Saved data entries

—————

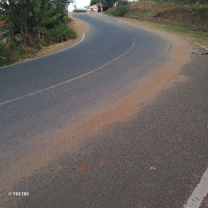 A winding asphalt road cuts through a lush landscape, marked with a central yellow line. Patches of dirt and debris encroach upon the road's surface near the edges, indicating potential runoff or weathering. Lush vegetation borders the road on one side, while a grassy slope rises on the other. A small building or structure is visible in the distance, perched at the road's farthest bend. The image captures a scene of rural road infrastructure.
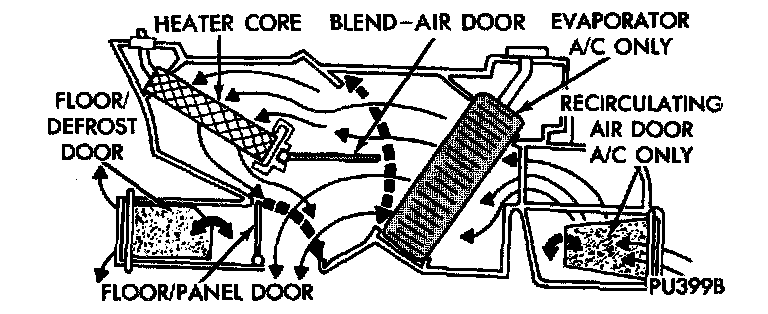 The heater and optional air conditioner are blend- air type systems. In a blend-air system, a blend-air door controls the amount of unconditioned air (or cooled air from the evaporator on models with air conditioning) that is allowed to flow through, or around, the heater core. A temperature control knob on the heater-A/C control panel determines the discharge air temperature by actuating an electric motor, which operates the blend-air door. This allows an almost immediate control of the output air temperature of the system.
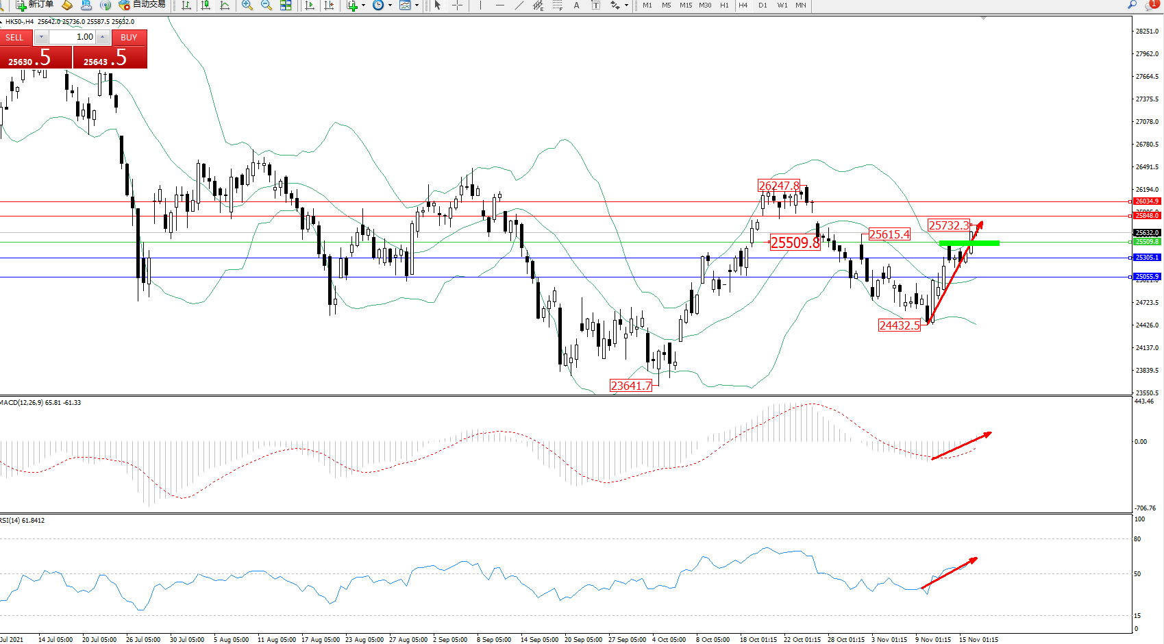 交易策略:25509上方看涨,目标25848、26034
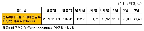 2009년 11월 출시된 '동부바이오헬스케어 증권투자신탁1[주식]ClassA' 펀드는 지난 7일 기준 1년 수익률이 31.06%를 기록했다. 3년 누적수익률은 41.40%다.
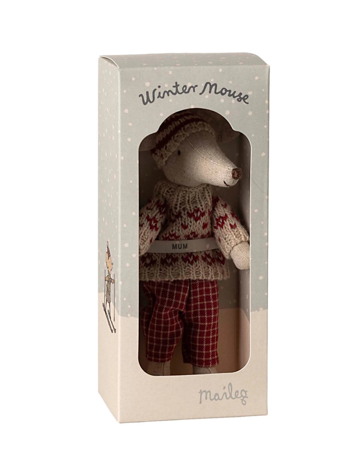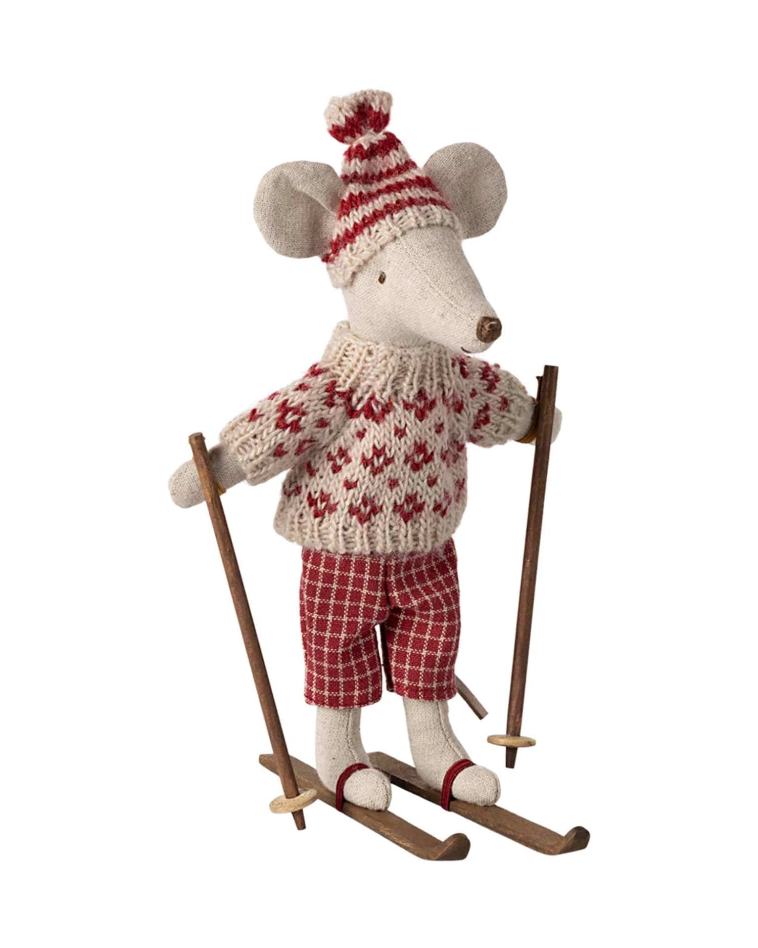 A mouse ready for hours of fun on the slopes during the cold wintertime. Each playset contains a warmly dressed mouse with a pair of ski and poles. Look at the tiny knitted hat that will keep the ears warm.
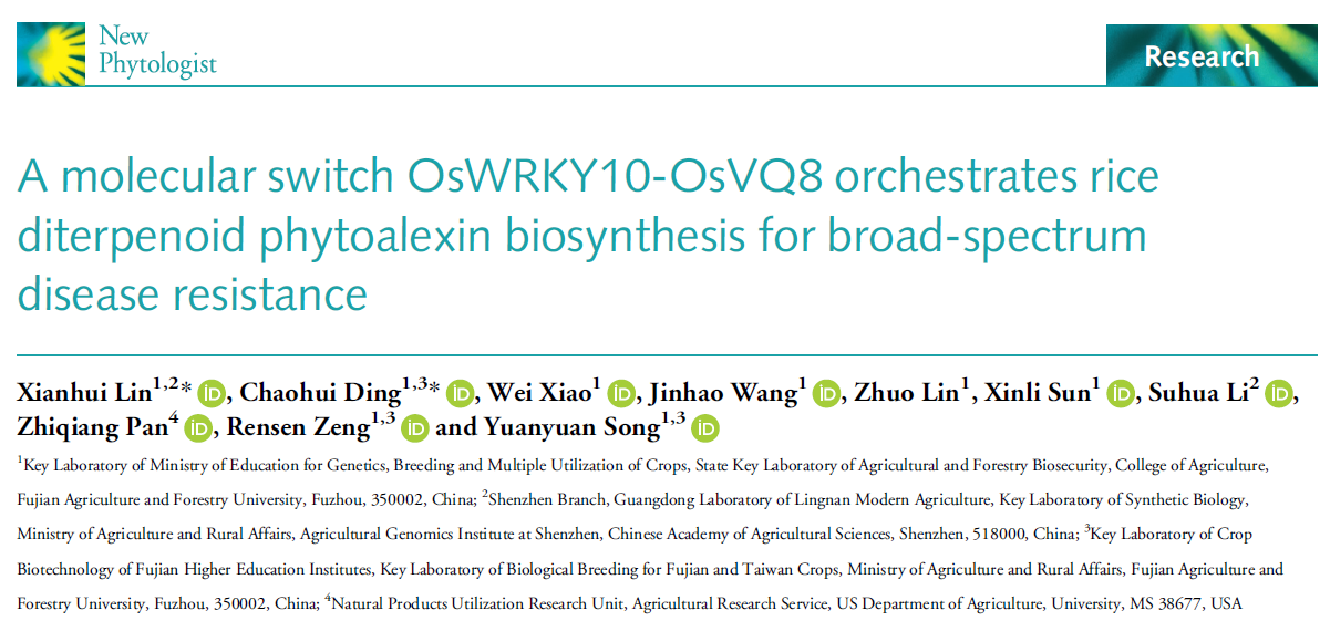 3月17日,New Phytologist在线发表了开云网页版农学院作物遗传育种与综合利用教育部重点实验室曾任森教授作物抗性与化学生态学研究团队题为“A molecular switch OsWRKY10-OsVQ8 orchestrates rice diterpenoid phytoalexin biosynthesis for broad-spectrum disease resistance”(分子开关OsWRKY10-OsVQ8精准调控水稻二萜植保素生物合成实现广谱抗病)的研究论文。该研究阐明OsWRKY10-OsVQ8组成分子开关调控水稻重要抗病防御次生代谢物二萜植保素生物合成,介导水稻广谱抗病性的分子机制。
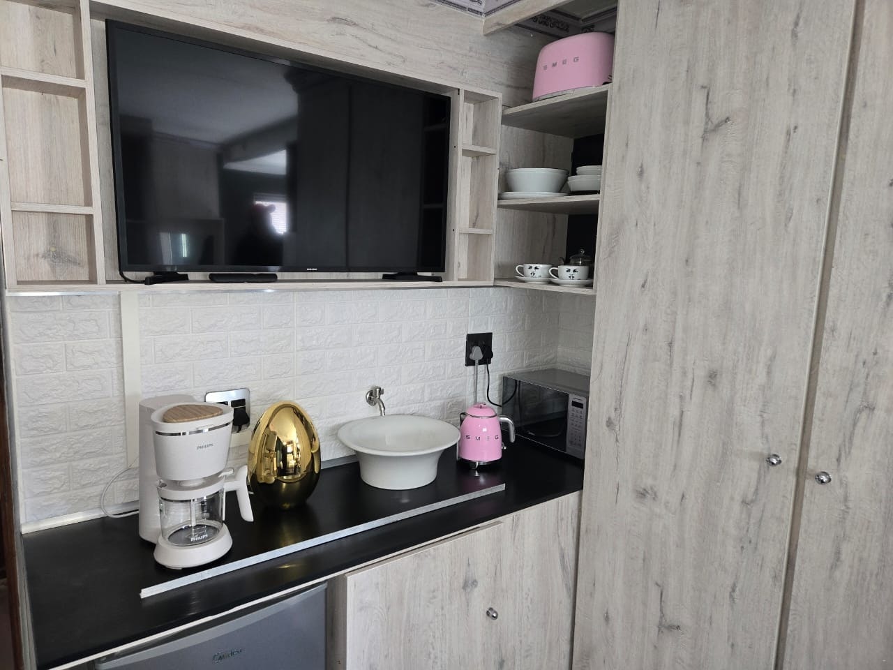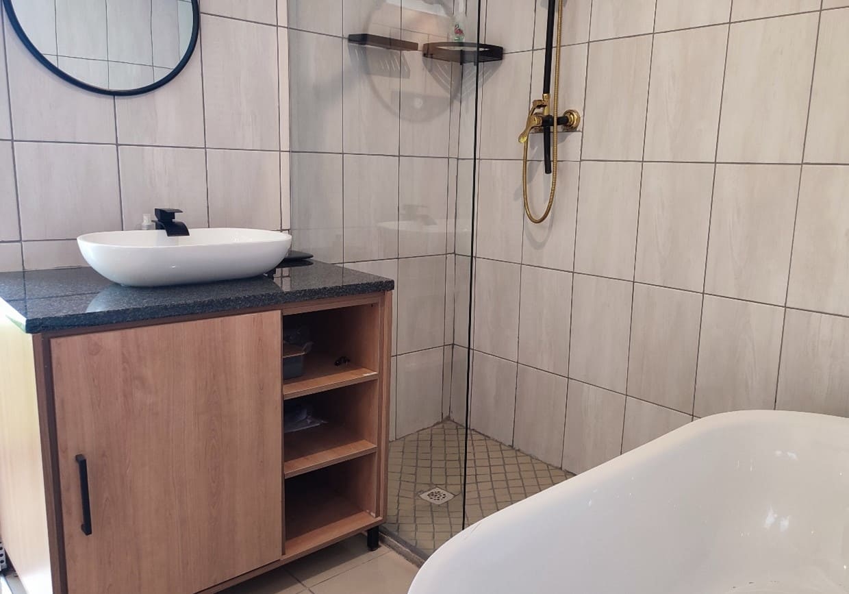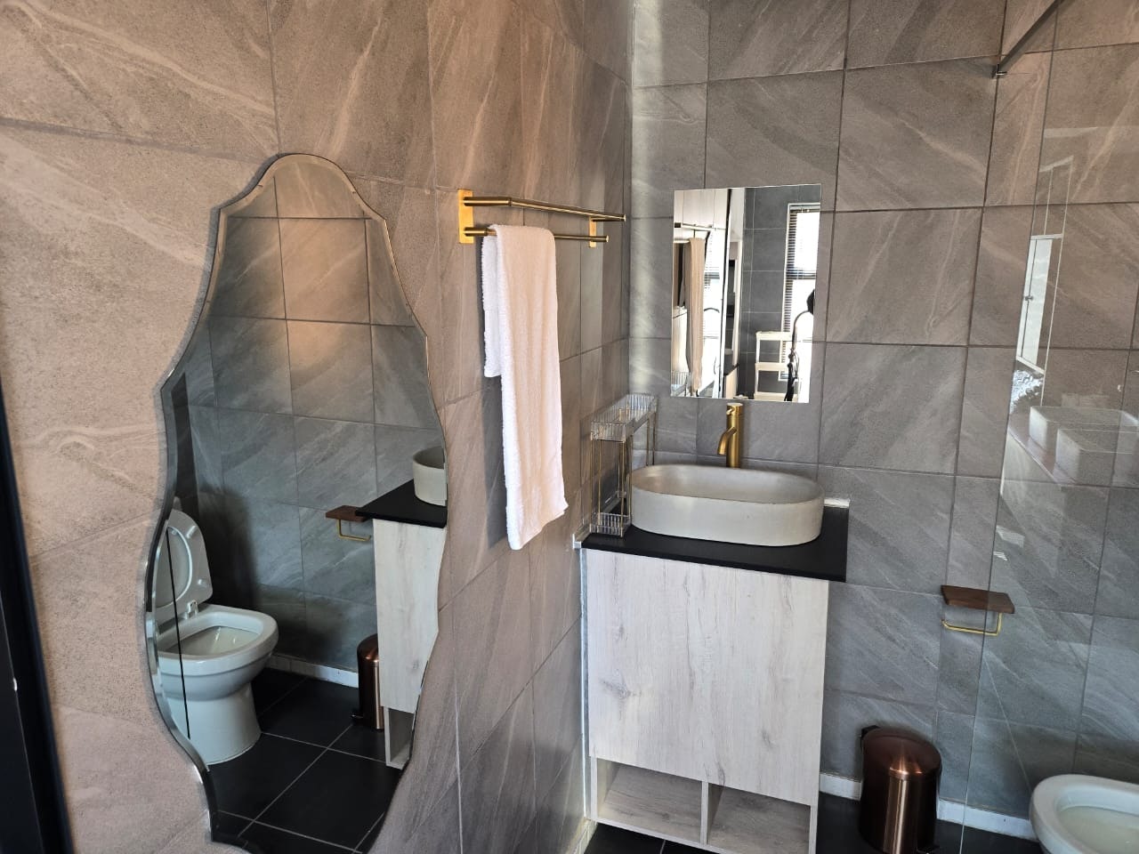 The open-plan living area features a separate kitchen fully equipped with a gas stove, electric oven, air fryer, microwave, fridge-freezer, ice machine, cutlery and crockery as well as a wine cooler. For guests’ convenience, a washing machine and a dishwasher are available. The lounge has comfortable seating, a child-only single sleeper couch and a Smart TV with Netflix, Showmax and a full selection of DStv channels. Complimentary Wi-Fi is available.
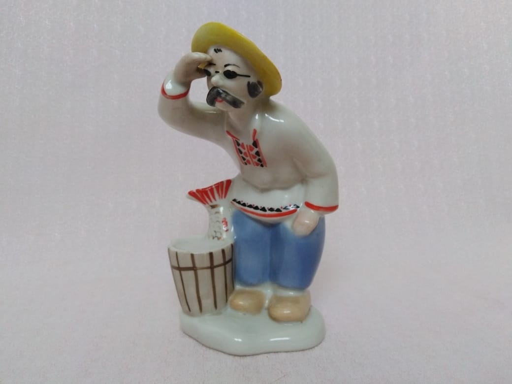 В интернете как только ни называют эту статуэтку - и «Дед Щукарь», и «Слепой рыбак», и «Летняя рыбалка». Как правильно, непонятно. Но есть еще одна статуэтка, в компанию к этой, «Зимняя рыбалка».
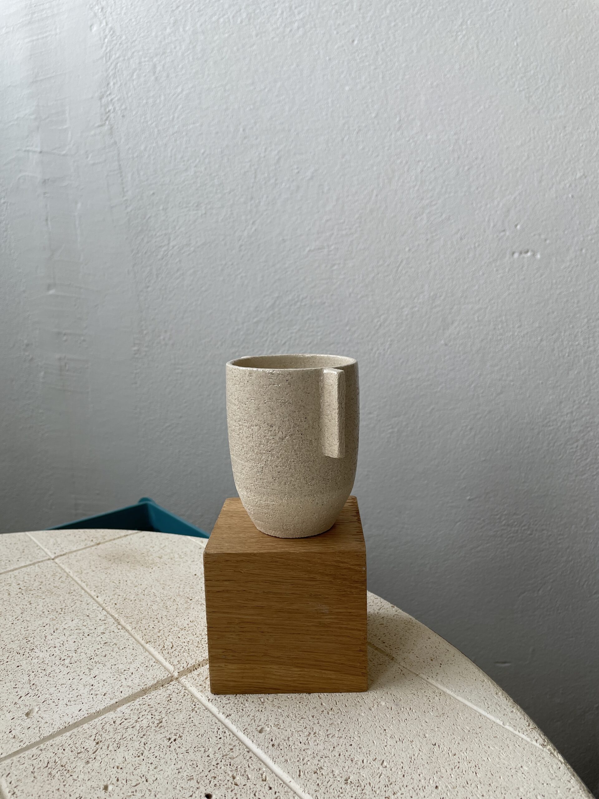 Tasse réalisée en grès chamotté tournée puis façonnée à la main. Sa texture minérale légèrement brute met en valeur le grain de la terre, tandis que son anse sculpturale et architecturée lui apporte une touche graphique originale.
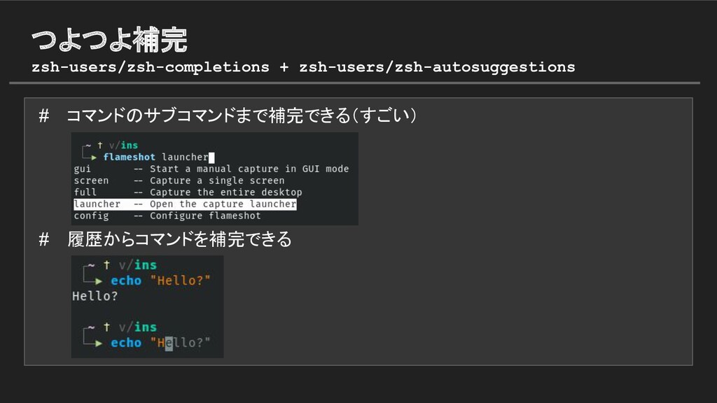 # コマンドのサブコマンドまで補完できる(すごい) # 履歴からコマンドを補完できる つよつよ補完 zsh-users/zsh-completions + zsh-users/zsh-autosuggestions
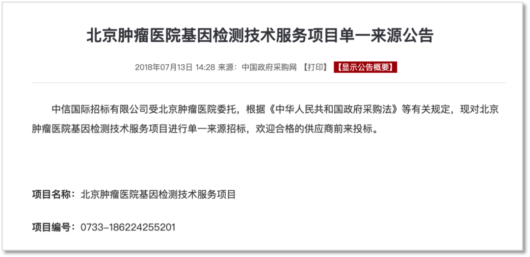 采购项目:北京肿瘤医院基因检测技术服务项目
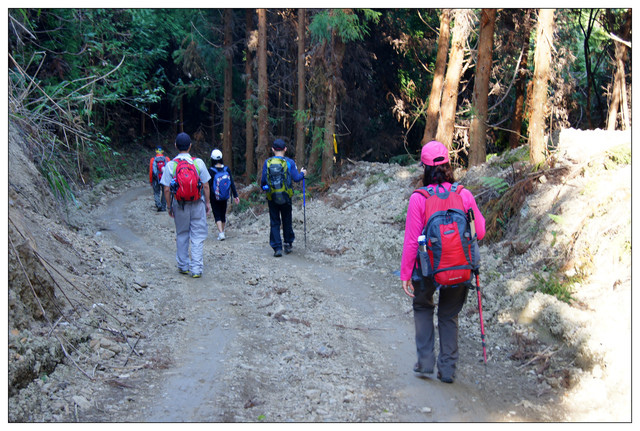 從八角涼亭到鳥嘴山登山口要踢一小段水泥路「登山口位在鳥嘴山露營區內」

—————

§ Work item
Find the line containing "交易策略:25509上方看涨,目标25848、26034" in the records above and restate it, and each line after it through the end, word for word, dropping the pictures.

§ Completed exercise
 交易策略:25509上方看涨,目标25848、26034
 2009년 11월 출시된 '동부바이오헬스케어 증권투자신탁1[주식]ClassA' 펀드는 지난 7일 기준 1년 수익률이 31.06%를 기록했다. 3년 누적수익률은 41.40%다.
 A mouse ready for hours of fun on the slopes during the cold wintertime. Each playset contains a warmly dressed mouse with a pair of ski and poles. Look at the tiny knitted hat that will keep the ears warm.
 3月17日,New Phytologist在线发表了开云网页版农学院作物遗传育种与综合利用教育部重点实验室曾任森教授作物抗性与化学生态学研究团队题为“A molecular switch OsWRKY10-OsVQ8 orchestrates rice diterpenoid phytoalexin biosynthesis for broad-spectrum disease resistance”(分子开关OsWRKY10-OsVQ8精准调控水稻二萜植保素生物合成实现广谱抗病)的研究论文。该研究阐明OsWRKY10-OsVQ8组成分子开关调控水稻重要抗病防御次生代谢物二萜植保素生物合成,介导水稻广谱抗病性的分子机制。
 The open-plan living area features a separate kitchen fully equipped with a gas stove, electric oven, air fryer, microwave, fridge-freezer, ice machine, cutlery and crockery as well as a wine cooler. For guests’ convenience, a washing machine and a dishwasher are available. The lounge has comfortable seating, a child-only single sleeper couch and a Smart TV with Netflix, Showmax and a full selection of DStv channels. Complimentary Wi-Fi is available.
 В интернете как только ни называют эту статуэтку - и «Дед Щукарь», и «Слепой рыбак», и «Летняя рыбалка». Как правильно, непонятно. Но есть еще одна статуэтка, в компанию к этой, «Зимняя рыбалка».
 Tasse réalisée en grès chamotté tournée puis façonnée à la main. Sa texture minérale légèrement brute met en valeur le grain de la terre, tandis que son anse sculpturale et architecturée lui apporte une touche graphique originale.
 # コマンドのサブコマンドまで補完できる(すごい) # 履歴からコマンドを補完できる つよつよ補完 zsh-users/zsh-completions + zsh-users/zsh-autosuggestions
 采购项目:北京肿瘤医院基因检测技术服务项目
 從八角涼亭到鳥嘴山登山口要踢一小段水泥路「登山口位在鳥嘴山露營區內」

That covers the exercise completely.